John Carney’s Power Ballad has most of what it needs to succeed, from a charming pair of leads to a fittingly catchy song. But like the fraught relationship between its two musician characters, Rick (Paul Rudd) and Danny (Nick Jonas), the film never finds the right groove.
Rick is a middle-aged American musician who washed up in Dublin decades ago, putting his band on hold after marrying and having a child with an Irish woman, Rachel (Marcella Plunkett). Now a rocker dad paying the bills fronting a wedding band, the Bride and the Groove, he believes that family life has kept him from stardom.
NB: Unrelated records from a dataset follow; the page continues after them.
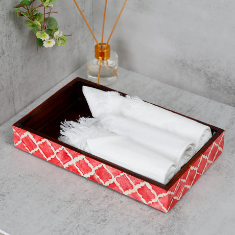 Vanity Trays Moroccan Pattern Bone & Resin Inlay Collection in 10x6, Red & White
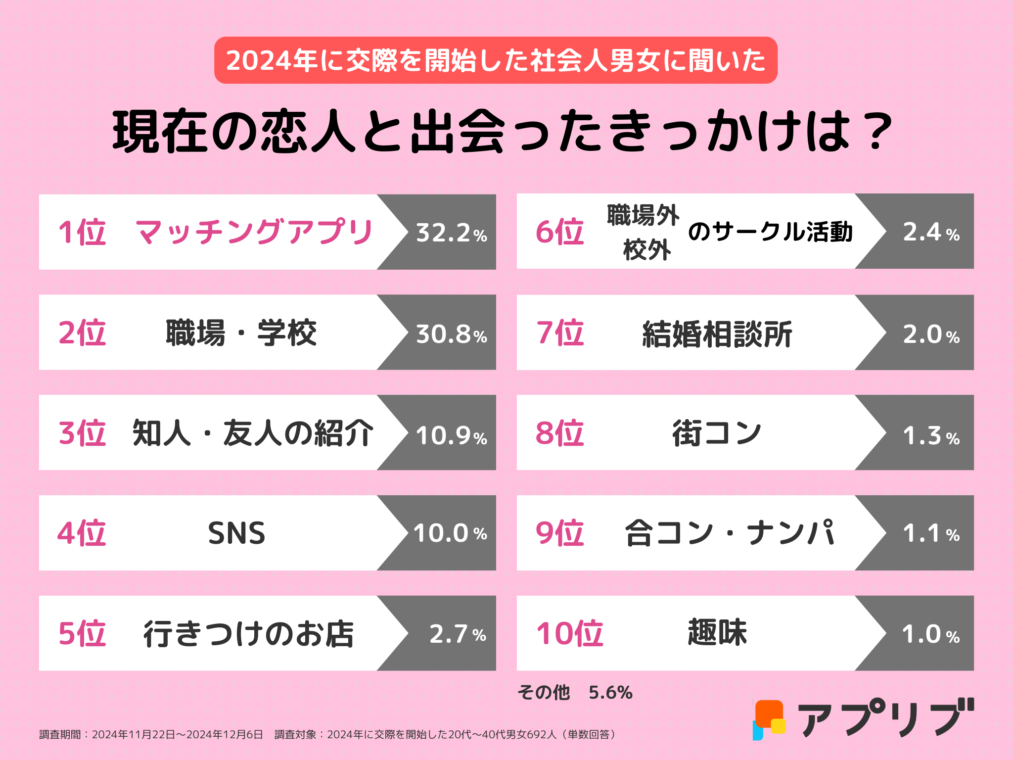 【2025年調査】交際を開始した社会人692人に聞いた、恋人と出会ったきっかけ1位は「マッチングアプリ」、「職場・学校」を上回る結果に - アプリブ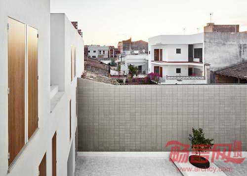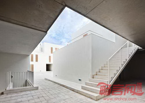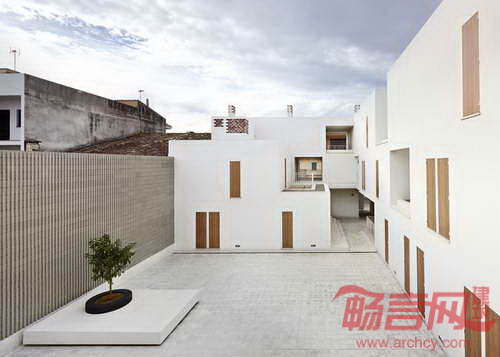 RipollTizon建筑事务所设计了位于西班牙马洛卡的Sa Pobla社会住房,具有相同门窗的白色建筑围绕庭院设置。项目坐落于小镇的外围,建筑仅有三层,共包含19套住宅,分别是普通公寓和复式公寓。建筑的百叶窗和房门都添加了相同的木涂饰层,旨在形成与当地其他住宅类似的外观。
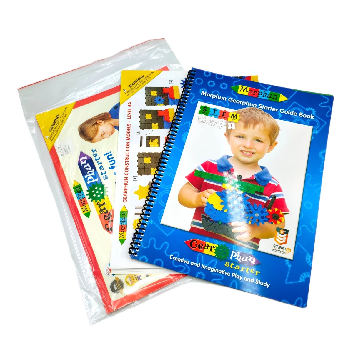 304 elementy konstrukcyjne GearPhun z kołami zębatymi o różnych rozmiarach, 60-stronicowa książka instrukcji formatu A4 z dziesiątkami projektów i wyjaśnieniami zasad mechaniki, praktyczne pudełko do przechowywania całego zestawu.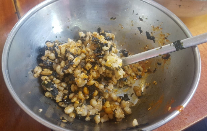 보리밥을 비벼 먹는데 배가 불러도 남길 수가 없다. 고마워서..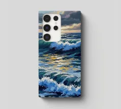 Questo dipinto a olio cattura la potenza e la bellezza delle onde d'altura. Onde imponenti si alzano e si impennano, rese con audaci pennellate di blu profondo, verde mare e bianco spumeggiante, creando contrasti sorprendenti. La luce del sole si riflette sulla superficie dell'oceano, scintillante e mutevole. Il dipinto evoca un senso di libertà, la maestosità della natura e la sconfinata energia del mare.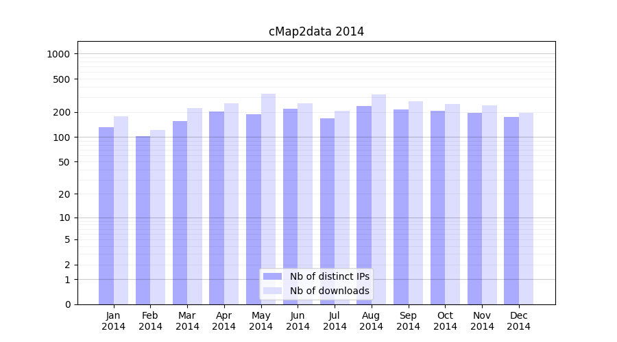 Number of downloads for experiment package cMap2data, year by year, from 2025 back to 2014 (years with no downloads are omitted):

Call it a fantasy, which Carney visualizes at a wedding performance where, to his band’s and the crowd’s irritation, Rick caps a set not with “Jessie’s Girl” or “Message in a Bottle” but a song he wrote. Though this empties the dance floor, in Rick’s mind he’s playing for an adoring crowd of thousands.
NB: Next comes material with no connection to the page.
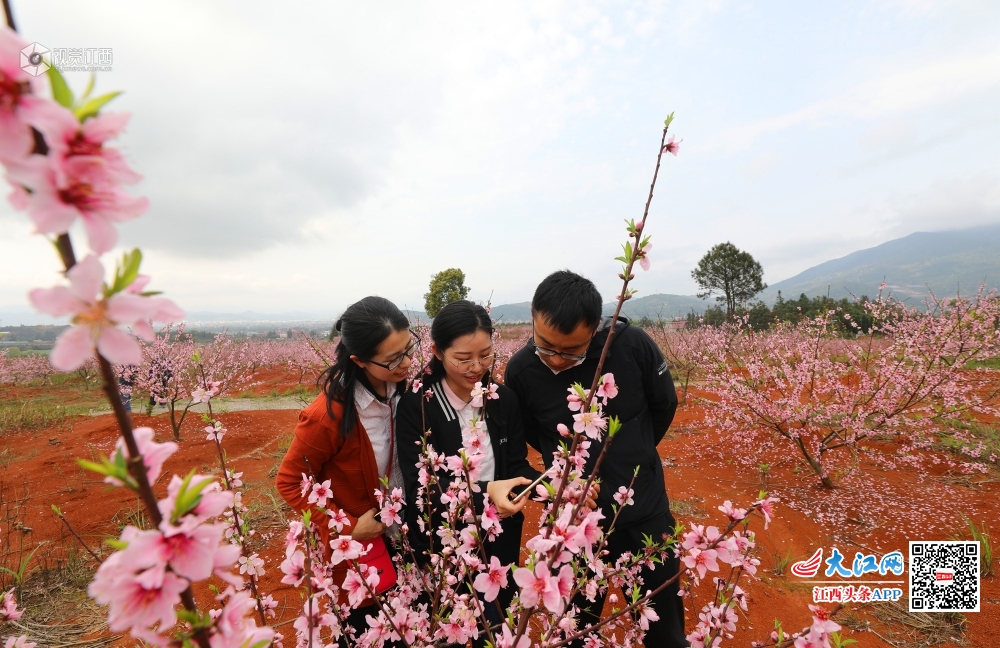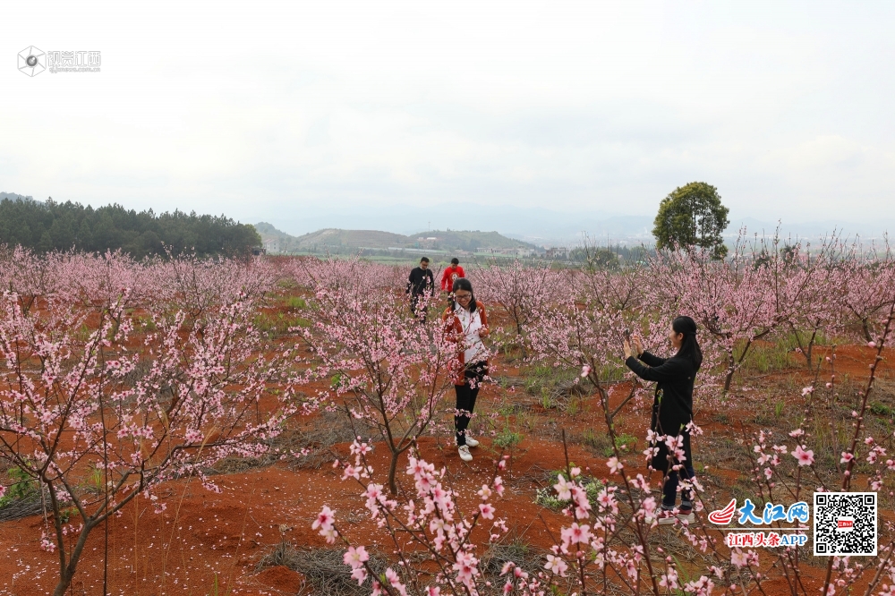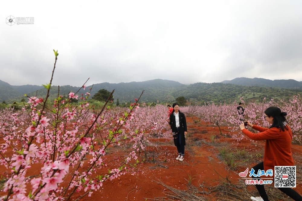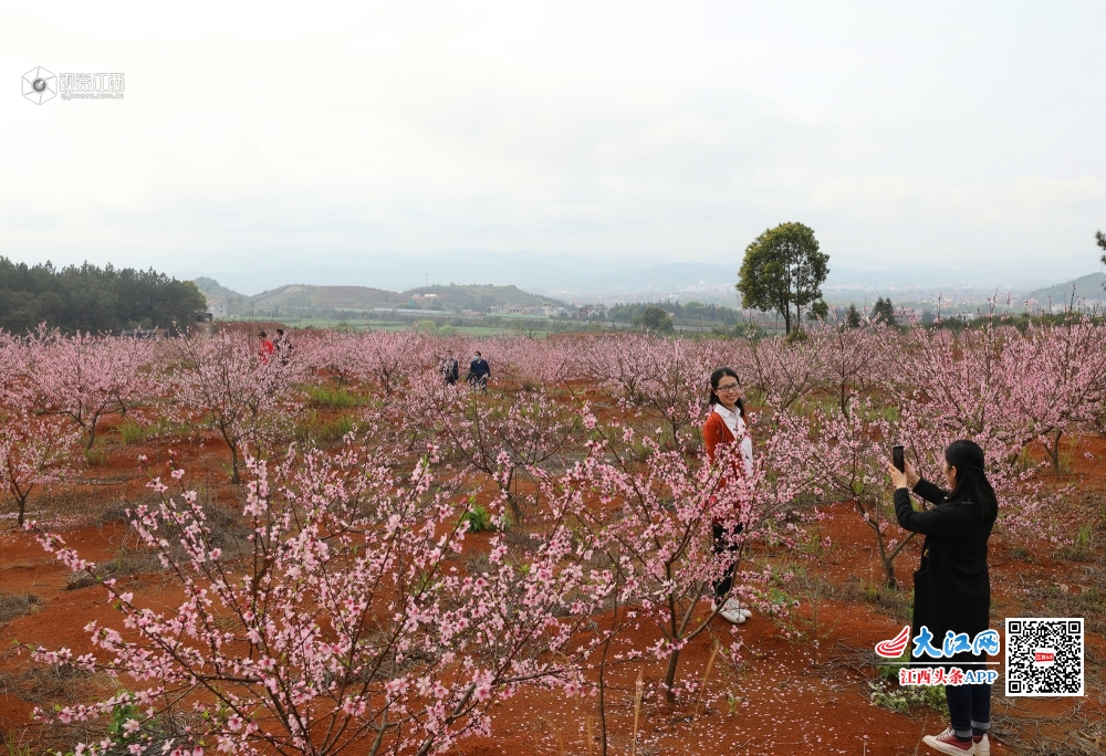 3月24日,江西省莲花县升坊镇江口村的黄桃基地,近千亩桃花竞相绽放,漫山遍野的桃花招蜂引蝶,美不胜收,吸引不少游客前来踏春赏景。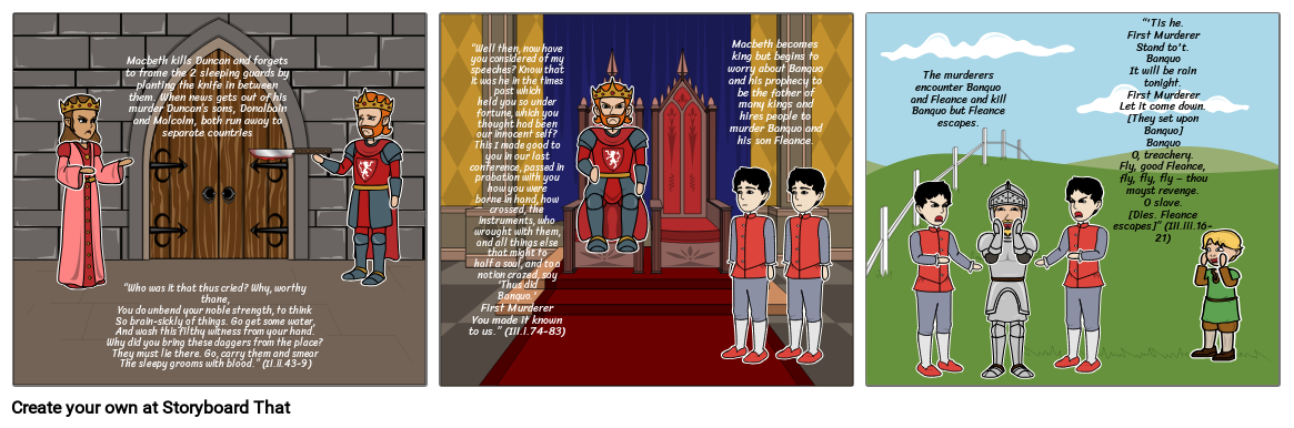 Macbeth kills Duncan and forgets to frame the 2 sleeping guards by planting the knife in between them. When news gets out of his murder Duncan’s sons, Donalbain and Malcolm, both run away to separate countries

Carney and Peter McDonald’s script starts out lightly poking fun at Rick’s delusion, with his bandmates and family rolling their eyes at him but generally putting up with his “could’ve been” thinking. But it also presents the character in an interesting middle range of talent, frustrated by having just enough to realistically think some kind of success is possible but not enough of it to get him there. This helps the film avoid making Rick either solely a figure of ridicule or the cliché of the overlooked genius just waiting for his break.
In the film’s central sequence, Rick spends a night following a gig jamming, drinking, and becoming fast friends with Danny, a wedding guest. A floundering and lonely-seeming ex-boyband star trying to kickstart the next stage of his career, Danny latches onto the older rocker as a font of ideas. Rick delights in being taken seriously while the two drink, tell stories, and play around with “How to Write a Song (Without You),” a keening ballad that Rick’s been toying with for years. Months later, Rick hears his song on the radio and watches with mounting fury as Danny rides its success to a second round of the fame that Rick never saw.
Though it starts off as Rick’s story, Power Ballad bifurcates to follow the reverberations in their lives after his and Danny’s magic jam session. This saps the film of its energy, particularly in Danny’s segments. Jonas is game enough in the role, but only really comes alive when singing; scenes with Danny’s coldblooded and profit-chasing manager, Mac (Jack Reynor), or passively waiting girlfriend, Marcia (Havana Rose Liu), are inert, with Danny’s gloomy unspoken guilt over stealing Rick’s song making a poor substitute for actual character development.
At the same time, Rick’s resentment over being denied his break threatens to upend his personal and professional lives. Power Ballad moves quickly past this stretch, where Rick spirals into a gloom that suggests a possible future as a lonely drunk boring everyone at the pub about the song that got away. An ill-considered trip by Rick and bandmate Sandy (co-writer McDonald) to confront Danny in his Los Angeles mansion provides lighthearted third-act hijinks, but the comedic tone makes it hard to determine how seriously to take Rick’s dilemma.
There’s a sweetness, organic flow, and levity to the sequence between Danny and Rick that speaks to Carney’s strengths. The spark lighting up films like Sing Street and especially Once comes from kindred spirits finding each other and turning that bond into sublime music. To the filmmakers’ credit, while “How to Write a Song (Without You)” is no “Falling Slowly,” it’s a catchy and lilting earworm that’s believable as a song thousands of besotted teenagers would sing along to in an arena. But it’s not enough to carry a film that’s largely missing the kind of sustained musical ecstasy or relational alchemy that Carney’s work usually generates.